Há muita gente dizendo que essa onda de manifestações será
inócua. Faltariam programa e objetivo definidos, dizem. É certo que existe
uma disparidade ideológica absurda entre o anarco-punk da bandeira preta e a
garota da cartolina na qual se lê “Verás que um filho teu não foge à luta”. Avalio
que essa leitura é equivocada. A mensagem dessas manifestações não é
programática, é simbólica. Festa
estranha com gente esquisita. Muitos indivíduos diferentes relembraram o
caminho da praça – só que todo mundo ao mesmo tempo.
Uma querida e comunista amiga, informando o tom da
manifestação de ontem em Florianópolis, de quase 20 mil pessoas, arrematou: “Tem
de tudo, de favelado a patricinha. De neofascista a esquerda clássica.” Como
avaliar esse momento? É a generalização da perplexidade.
Todos estão vendo: as pessoas não estão se manifestando
juntas. Elas estão juntas se manifestando. Conservadores, feministas, gaiatos,
liberais e barbudos de DCE trazem consigo uma única intersecção: apenas estão
no mesmo lugar e na mesma hora. Na
procissão dos indignados os mais diversos campos ideológicos se manifestam,
organizados em movimentos ou outsiders.
Justamente por isso é equivocado analisar o efeito dessas
manifestações tendo como parâmetro os resultados eleitorais de 2014, ou como já
ouvi: “se essa indignação toda não se manifestar nas urnas, não serviu de nada”.
Quem esses esperam que surja até as próximas eleições? O Escolhido? O Capitão
Nascimento? O novo líder que está surgindo no Morro do Pau da Bandeira? Cuidado
com os Messias políticos – eles costumam aparecer em momentos como este. Nem o
foco é o resultado eleitoral, embora esse não deva ser desprezado. O foco é a
emergência de uma nova cultura de juventude.
Vamos às apostas, um pouco de futurologia aplicada. É
prudente imprimir. Há pequenas chances que eu, envergonhado por ratadas monstruosas,
edite ao meu sabor essas previsões.
1) Não acredito em mudanças institucionais surgidas
diretamente dessa onda de manifestos. Há grupos mudancistas (da extrema
esquerda até a extrema direita) na rua, mas nenhum deles sequer ameaça se tornar
hegemônico nas manifestações.
2) A passagem de ônibus vai cair um pouco. Esse ano, não mais
que isso. Novas políticas de mobilidade urbana? A semente foi plantada. Esse
debate vai evoluir.
3) As manifestações continuarão por algum tempo, mas se
dividirão. Manifestantes de “sangue azul” enciumados por manifestantes neófitos
terem tomado o foco de suas reclamações tradicionais já contestam a legitimidade
desses protestos. Idiossincrasias ideológicas ficarão ainda mais evidentes. Direita/esquerda,
liberais/comunitaristas, conservadores/progressistas continuarão na praça. Mas
a praça é grande, não desejarão continuar juntos no mesmo corte de imagens da TV.

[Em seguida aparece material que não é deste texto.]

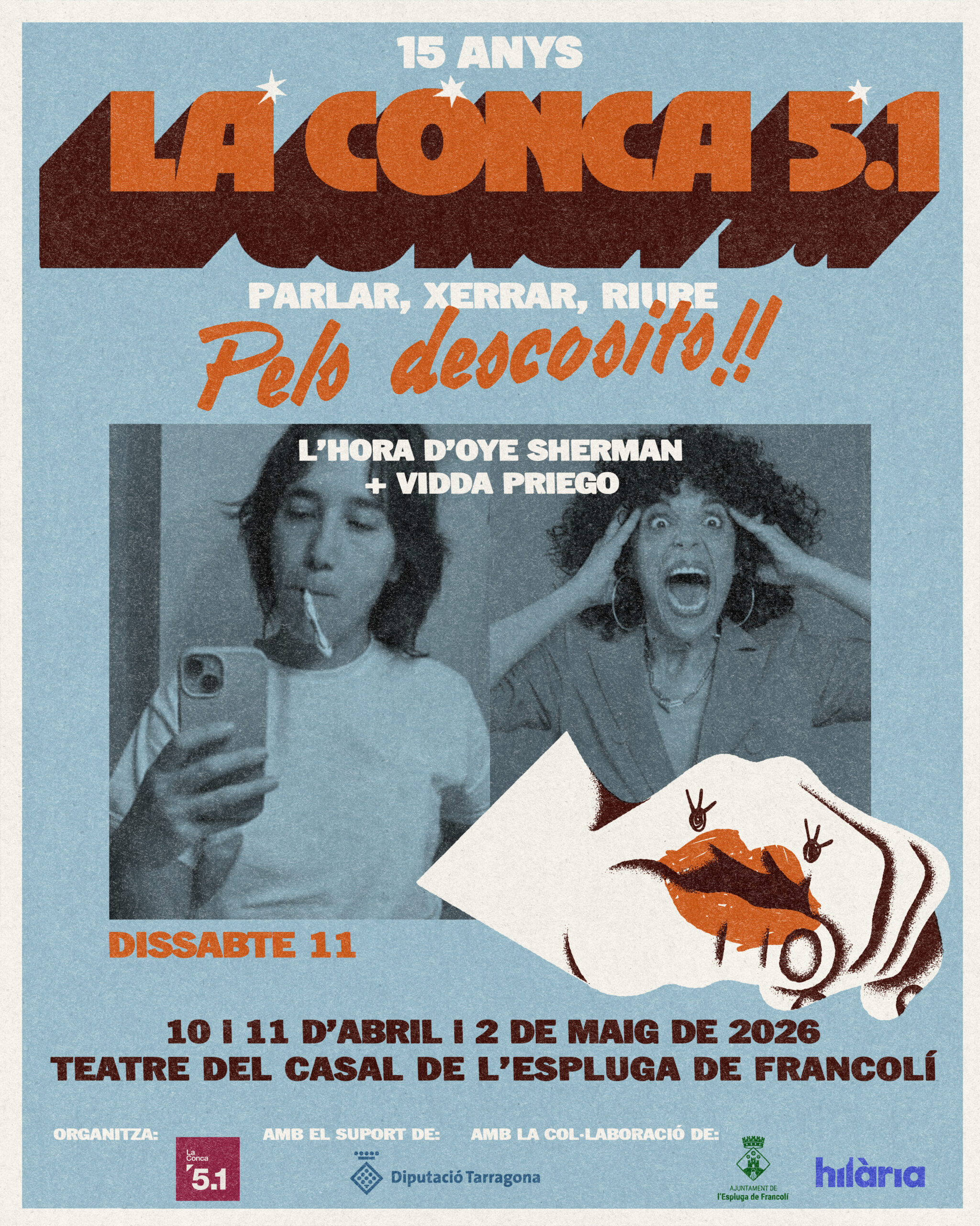 Dissabte 11 d’abril POTCAST D’HUMOR al teatre del Casal, per celebrar els 15 anys de La Conca 5.1 .

Há um conto no qual Franz Kafka diz que as Sereias possuem
uma arma ainda mais poderosa que o seu canto – o seu silêncio.
A sociedade civil brasileira ficou calada por mais de vinte
anos. Seu silêncio nos adormeceu enquanto as crianças cresciam. Elas estão
gritando e já são adultas. Nós, nascidos na ditadura, acordamos atordoados no
meio da noite escura.
Como esses garotos serão lembrados?
Seriam eles os Facebooksons da Revolução? Seriam burgueses com
religião? São o futuro da nação – Mas ainda não sei o nome deles.